(WHAT NEEDS TO BE DONE)
The whole listing needs to be written out exactly, except for any images.

(SOURCE DATA)

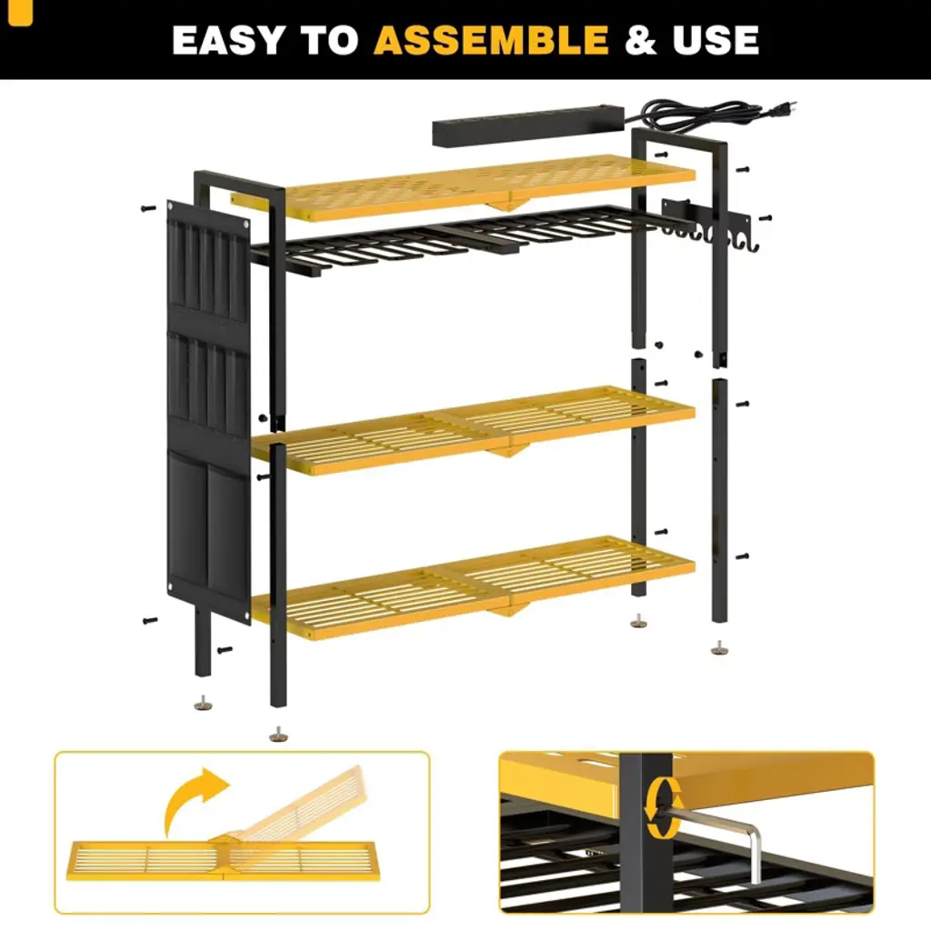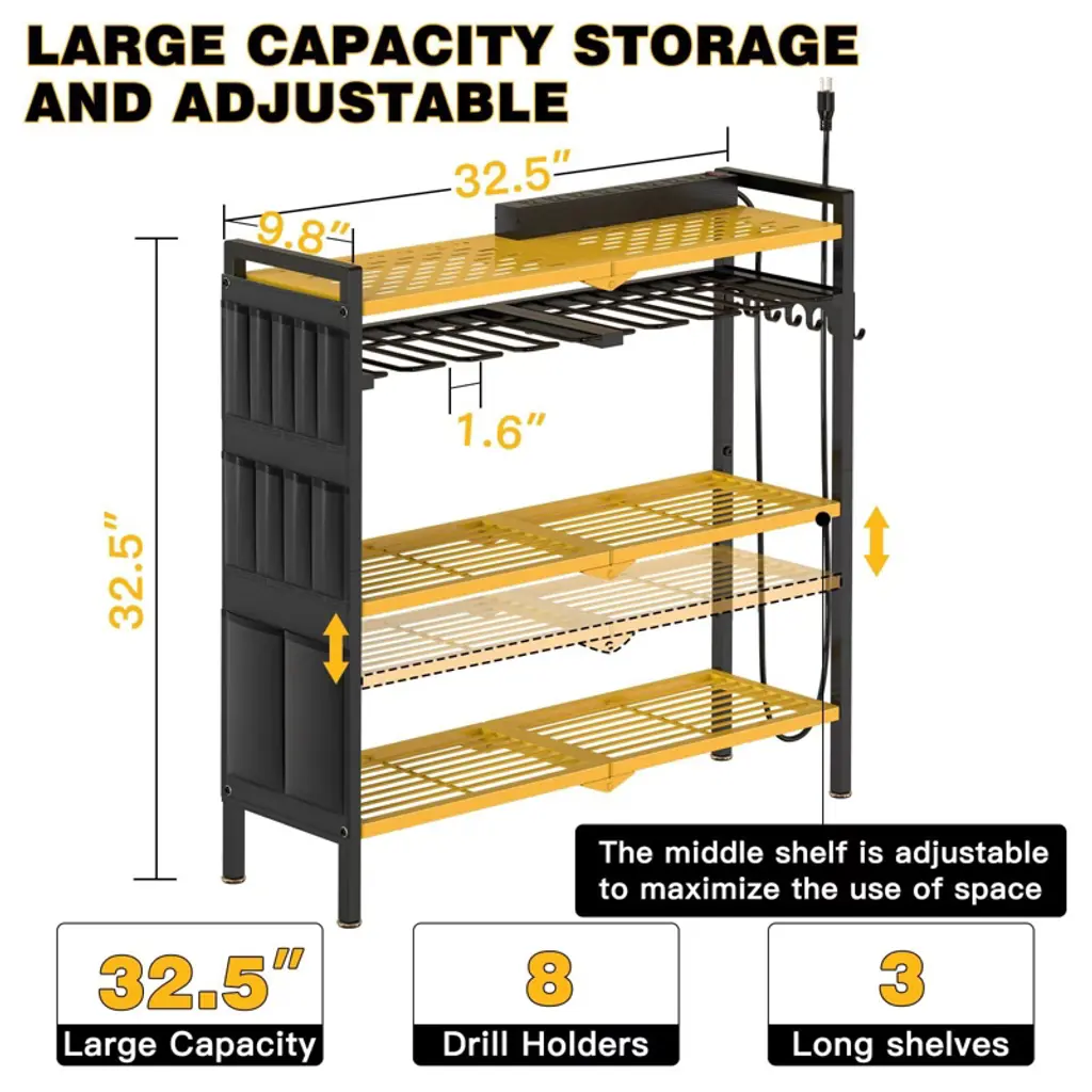The Hausource Standing Power Tool Organizer keeps your workspace efficient and clutter-free. With 8 drill slots, adjustable shelves, and side pockets, it offers smart storage for tools of all sizes. An 8-outlet power strip allows you to charge everything in one place, while the freestanding design saves wall space. Built with durability in mind, it's ideal for garages, workshops, or sheds. This heavy-duty organizer also makes a thoughtful and practical gift for any tool-loving husband or DIY enthusiast.
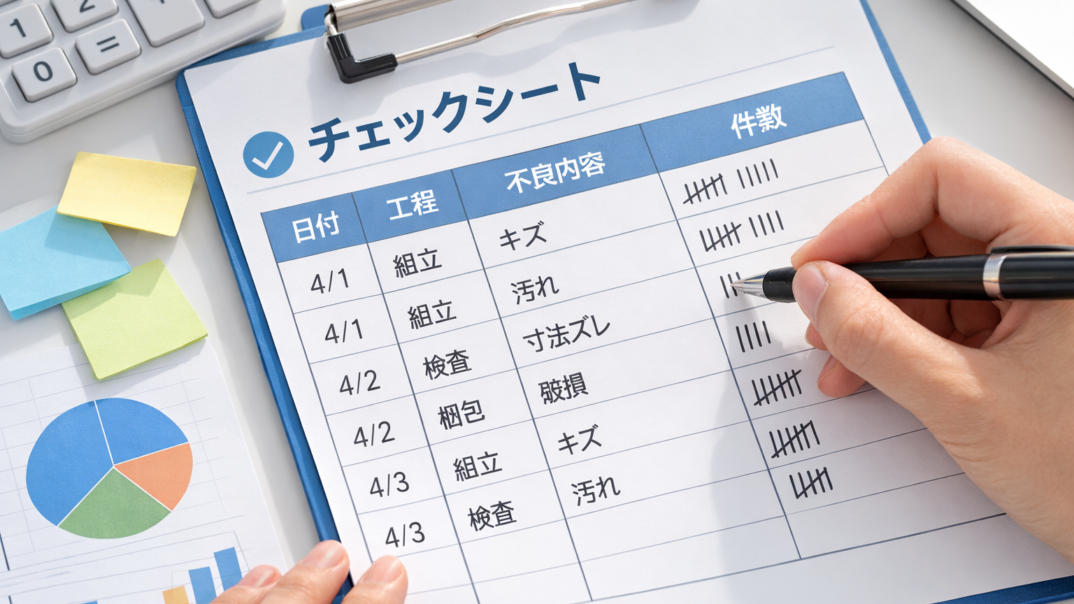 | チェックシート | データを漏れなく集める | 不良件数や発生状況を記録したいとき | 事実を整理して集計しやすくできる |
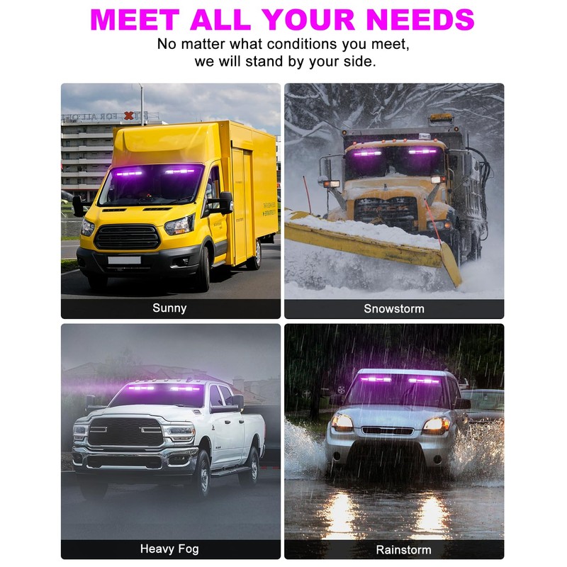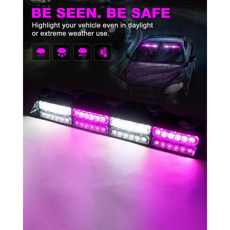 HLauto HLAUTO 6Z4J Emergency Dash Strobe Lights: 2x16.8 inch Purple White Safety Lights, 48 LED Flashing Warning Hazard Interior Windshield Visor Traffic Light Bar for Trucks, Construction Vehicles
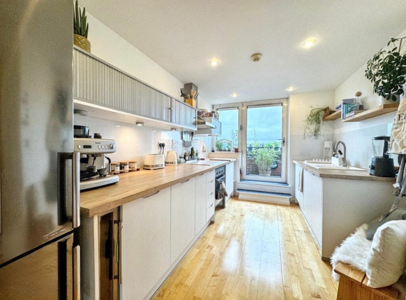 Hard flooring, wall and base units wooden work top, ceramic sink with swan neck tap, integrated wine cooler, dishwasher, space for fridge-freezer, induction hob, oven, extractor hood and uPVC double glazed door leading onto another balcony.
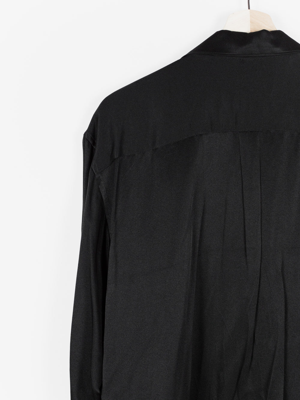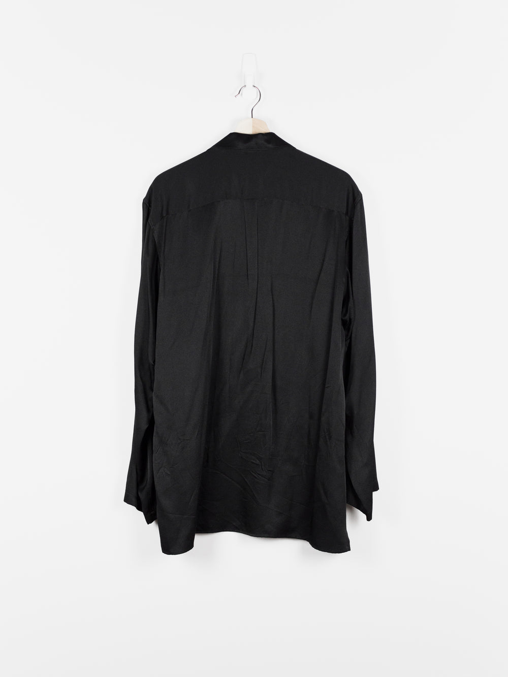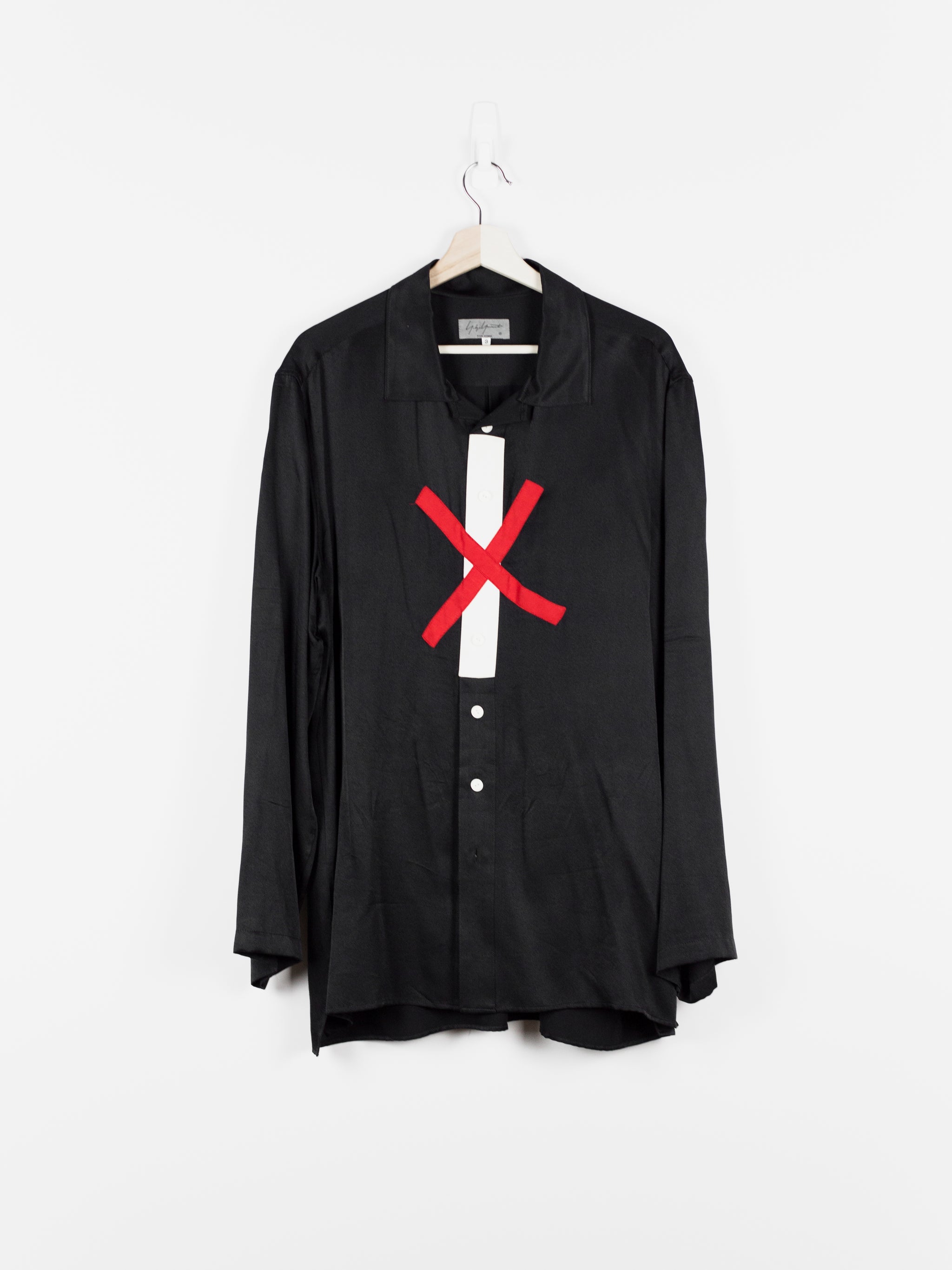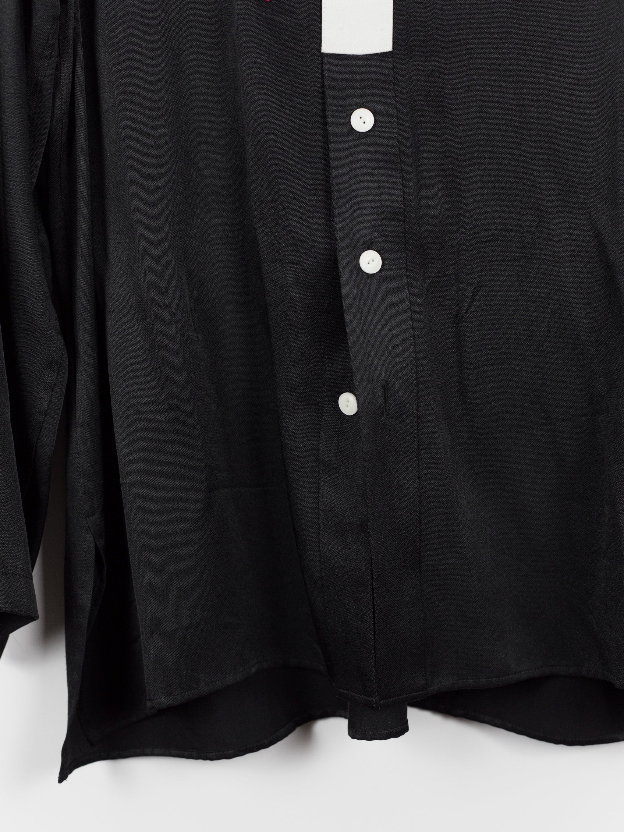 Diaphonous silk pullover shirt with graphic red and white detailing across the placket. Amazingly breezy and perfect for summer. Drapes beautifully for a sharp look despite its relaxed cut.
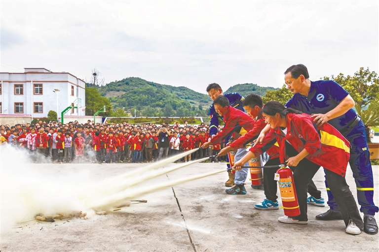 近日,各地開展形式多樣的防災減災知識普及和應急疏散演練等活動,提高人們應急避險與安全自救能力。圖為藍天救援隊隊員在貴州省黔西市錦星鎮第二小學指導學生使用滅火器。 新華社發(范暉 攝)
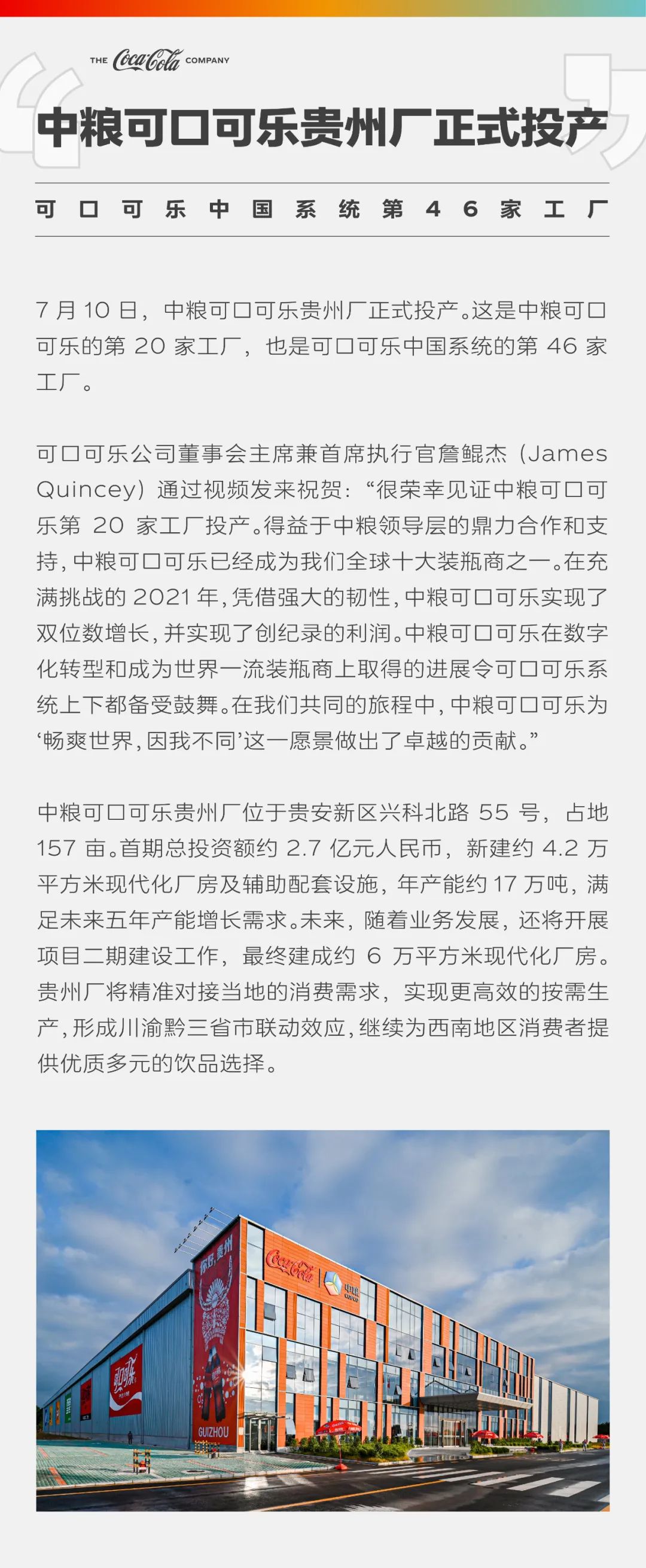 “可口可乐中国”微信公众号消息,7月10日,中粮可口可乐贵州厂正式投产。这是中粮可口可乐的第20家工厂,也是可口可乐中国系统的第46家工厂。
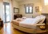 Continuing on to the first floor there are three spacious bedrooms with wooden floors, stylish furniture, including a wardrobe, desk, chairs, TV, and DVD player. Each room has its own style, in perfect harmony with the colors of the elegant fabrics.
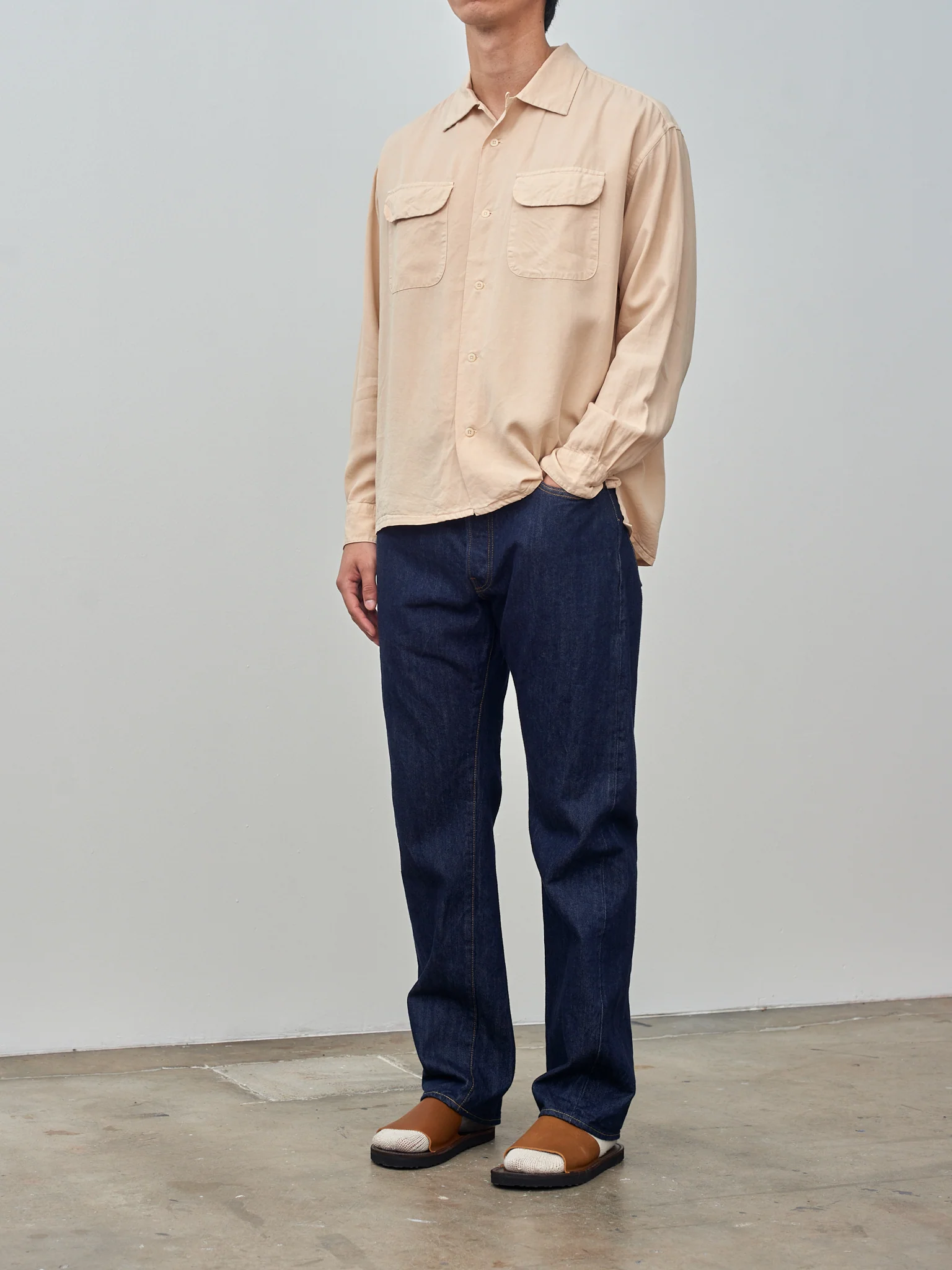 This is the long sleeve version of the Round Flap shirt from ts(s). We love the garment dye that adds a vintage look and feel, and the fabric feels incredibly smooth, lightweight, and cool to the touch. Details include an open collar, two round front flap pockets, inner locker loop, wide box pleat on yoke, and mother-of-pearl buttons.

(OUTPUT OF THE TASK)
The Hausource Standing Power Tool Organizer keeps your workspace efficient and clutter-free. With 8 drill slots, adjustable shelves, and side pockets, it offers smart storage for tools of all sizes. An 8-outlet power strip allows you to charge everything in one place, while the freestanding design saves wall space. Built with durability in mind, it's ideal for garages, workshops, or sheds. This heavy-duty organizer also makes a thoughtful and practical gift for any tool-loving husband or DIY enthusiast.
 | チェックシート | データを漏れなく集める | 不良件数や発生状況を記録したいとき | 事実を整理して集計しやすくできる |
 HLauto HLAUTO 6Z4J Emergency Dash Strobe Lights: 2x16.8 inch Purple White Safety Lights, 48 LED Flashing Warning Hazard Interior Windshield Visor Traffic Light Bar for Trucks, Construction Vehicles
 Hard flooring, wall and base units wooden work top, ceramic sink with swan neck tap, integrated wine cooler, dishwasher, space for fridge-freezer, induction hob, oven, extractor hood and uPVC double glazed door leading onto another balcony.
 Diaphonous silk pullover shirt with graphic red and white detailing across the placket. Amazingly breezy and perfect for summer. Drapes beautifully for a sharp look despite its relaxed cut.
 近日,各地開展形式多樣的防災減災知識普及和應急疏散演練等活動,提高人們應急避險與安全自救能力。圖為藍天救援隊隊員在貴州省黔西市錦星鎮第二小學指導學生使用滅火器。 新華社發(范暉 攝)
 “可口可乐中国”微信公众号消息,7月10日,中粮可口可乐贵州厂正式投产。这是中粮可口可乐的第20家工厂,也是可口可乐中国系统的第46家工厂。
 Continuing on to the first floor there are three spacious bedrooms with wooden floors, stylish furniture, including a wardrobe, desk, chairs, TV, and DVD player. Each room has its own style, in perfect harmony with the colors of the elegant fabrics.
 This is the long sleeve version of the Round Flap shirt from ts(s). We love the garment dye that adds a vintage look and feel, and the fabric feels incredibly smooth, lightweight, and cool to the touch. Details include an open collar, two round front flap pockets, inner locker loop, wide box pleat on yoke, and mother-of-pearl buttons.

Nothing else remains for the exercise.